To me, this seems like an extremely dishonest practice, (not to mention a horrible way to treat paying customers). Some insurers, like Blue Cross have become notorious for pulling this sort of “bait and switch”. That insurer likes to find “loopholes” that will enable it to change its mind about covering something. For example, they like to approve of coverage for a cancer treatment, and then later, insist that they will not cover it because the treatment was “experimental”.

From the consumer’s perspective, a reversal can be shocking. A person discovers that he or she requires surgery, cancer treatment, or a visit to a specialist. In other words, the person needs the type of health care that tends to be very expensive to pay for. The person’s health insurance company initially agrees to cover what the patient needs to receive.

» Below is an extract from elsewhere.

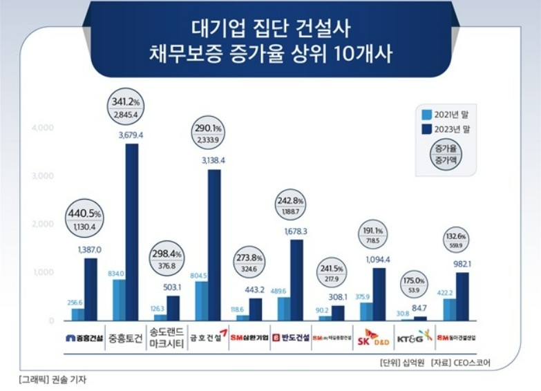 이어 태길종합건설(241.5%), SK디앤디(191.1%), KT&G(175.0%), 동아건설산업(132.6%), SM하이플러스(118.5%), 롯데건설(74.7%), 한화(69.8%), 현대건설(52.7%), 두산에너빌리티(45.7%), 태영건설(39.2%), GS건설(37.7%), SK에코플랜트(35.7%), 중봉건설(31.9%), 효성중공업(28.5%) 등의 순으로 채무보증 증가폭이 컸다.

The person then goes and receives the necessary health care from a doctor or hospital. The health care provider sends the bills to the person’s insurer. Suddenly, the insurer decides to reverse their decision about covering the specific form of health care that they originally agreed to cover.

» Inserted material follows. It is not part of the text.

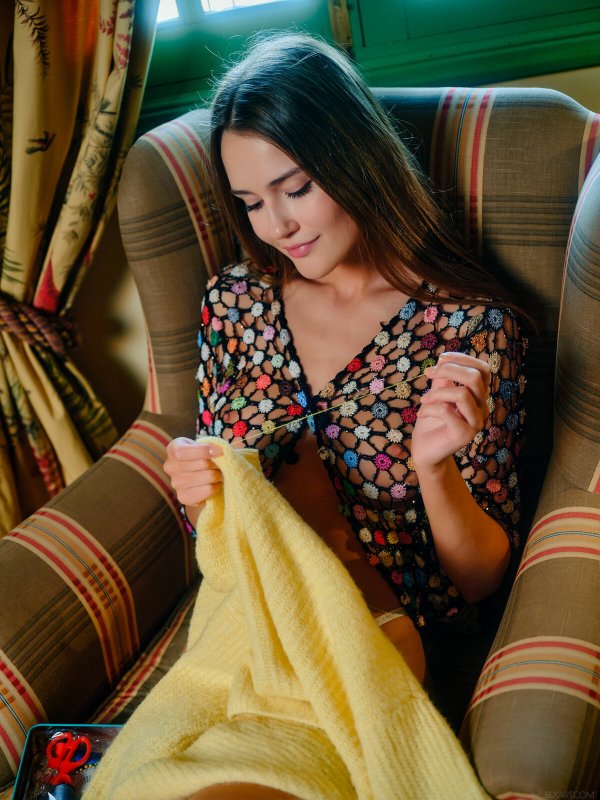 Эротика » Эротические модели » Возбужденная тёлочка ласкает себя в кресле

By now, the treatment, surgery, or doctor visit has already happened. In most cases, the health care provider ends up coming to the patient, and expecting the patient to pay for what the insurer suddenly decided not to cover. There is no way for the consumer to have had any idea that this would happen, and therefore, no way to plan for it.

There are only a few things consumers can do to protect themselves from getting stuck with an insurance reversal. You can talk with your doctor, before you have the surgery or treatment, and make sure that it has been approved. There is potential that your doctor has received a promise from the insurer that the treatment would, in fact, be paid for.

Or, you can attempt to push your insurer to cover what it said it would, after a reversal has happened. Keep submitting appeals through their system, until you get a solution that is in your favor. It also doesn’t hurt to get a lawyer involved, to deal with the insurer on your behalf.